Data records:
▬▬▬

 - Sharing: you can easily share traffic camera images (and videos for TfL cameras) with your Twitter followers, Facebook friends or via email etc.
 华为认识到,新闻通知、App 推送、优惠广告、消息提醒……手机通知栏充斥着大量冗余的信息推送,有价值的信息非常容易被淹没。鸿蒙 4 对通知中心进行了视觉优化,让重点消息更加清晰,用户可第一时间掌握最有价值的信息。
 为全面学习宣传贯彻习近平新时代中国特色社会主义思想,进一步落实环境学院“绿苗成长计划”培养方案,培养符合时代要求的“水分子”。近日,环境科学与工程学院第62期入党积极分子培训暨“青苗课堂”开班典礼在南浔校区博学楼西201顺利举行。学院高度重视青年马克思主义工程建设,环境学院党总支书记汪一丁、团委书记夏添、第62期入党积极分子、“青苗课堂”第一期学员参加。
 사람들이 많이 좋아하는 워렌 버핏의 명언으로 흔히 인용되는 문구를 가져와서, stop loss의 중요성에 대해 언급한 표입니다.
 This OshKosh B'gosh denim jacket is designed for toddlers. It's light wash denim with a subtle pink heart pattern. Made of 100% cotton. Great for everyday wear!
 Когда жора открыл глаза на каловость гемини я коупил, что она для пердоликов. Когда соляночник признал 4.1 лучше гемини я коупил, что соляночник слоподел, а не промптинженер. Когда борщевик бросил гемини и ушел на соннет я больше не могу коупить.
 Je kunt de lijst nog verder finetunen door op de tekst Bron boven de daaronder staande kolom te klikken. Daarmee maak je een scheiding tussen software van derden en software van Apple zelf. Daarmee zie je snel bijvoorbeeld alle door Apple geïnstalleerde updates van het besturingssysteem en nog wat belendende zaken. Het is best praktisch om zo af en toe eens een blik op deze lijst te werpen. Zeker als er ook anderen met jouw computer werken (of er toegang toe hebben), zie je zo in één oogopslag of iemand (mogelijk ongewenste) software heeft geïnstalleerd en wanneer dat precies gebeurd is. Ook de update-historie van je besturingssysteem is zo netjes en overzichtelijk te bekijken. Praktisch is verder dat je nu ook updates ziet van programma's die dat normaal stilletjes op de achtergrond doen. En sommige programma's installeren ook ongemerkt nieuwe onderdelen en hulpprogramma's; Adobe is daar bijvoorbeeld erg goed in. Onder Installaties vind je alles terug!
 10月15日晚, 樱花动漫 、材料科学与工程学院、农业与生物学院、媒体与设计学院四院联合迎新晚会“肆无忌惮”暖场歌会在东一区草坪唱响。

▬▬▬

The response must hold only the lines above from the line with "为全面学习宣传贯彻习近平新时" through the line with "사람들이 많이 좋아하는", each copied exactly, both ends kept.

 为全面学习宣传贯彻习近平新时代中国特色社会主义思想,进一步落实环境学院“绿苗成长计划”培养方案,培养符合时代要求的“水分子”。近日,环境科学与工程学院第62期入党积极分子培训暨“青苗课堂”开班典礼在南浔校区博学楼西201顺利举行。学院高度重视青年马克思主义工程建设,环境学院党总支书记汪一丁、团委书记夏添、第62期入党积极分子、“青苗课堂”第一期学员参加。
 사람들이 많이 좋아하는 워렌 버핏의 명언으로 흔히 인용되는 문구를 가져와서, stop loss의 중요성에 대해 언급한 표입니다.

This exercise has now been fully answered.